Students at MIT in the US claim they have developed an algorithm for creating 3D objects and pictures that trick image-recognition systems into severely misidentifying them. Think toy turtles labeled rifles, and baseballs as cups of coffee.This has been a problem in my field (computer security) for about as long as I can remember - certainly back into the 1980s, and almost certainly longer. Programmers work to get functionality correct - the program performs as intended when fed normal (i.e. expected) input. Programmers have done poorly anticipating what a Bad Guy might feed the program as input. Instead of a name in a text field, how about a thousand letter A characters? Oops, now the Bad Guy can run code of his choice because the program didn't anticipate this input and then fails in an uncontrolled way.
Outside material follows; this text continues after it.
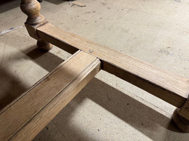 A good quality Solid Oak Farmhouse Dining Table dating to the early 1900s. Of good quality construction with pegged joints. We have lightly bleached it for a lighter look. Will comfortably seat 8 people and in excellent original condition for the home.

And now AI looks like it's doing precisely the same old pattern:
The problem is that although neural networks can be taught to be experts at identifying images, having to spoon-feed them millions of examples during training means they don’t generalize particularly well. They tend to be really good at identifying whatever you've shown them previously, and fail at anything in between.
Switch a few pixels here or there, or add a little noise to what is actually an image of, say, a gray tabby cat, and Google's Tensorflow-powered open-source Inception model will think it’s a bowl of guacamole. This is not a hypothetical example: it's something the MIT students, working together as an independent team dubbed LabSix, claim they have achieved.Oops.
“Our work gives an algorithm for reliably constructing targeted 3D physical-world adversarial examples, and our evaluation shows that these 3D adversarial examples work. [It] shows that adversarial examples are a real concern in practical systems,” the team said.
“A fairly direct application of 3D adversarial objects could be designing a T-shirt which lets people rob a store without raising any alarms because they’re classified as a car by the security camera,” they added.Double oops.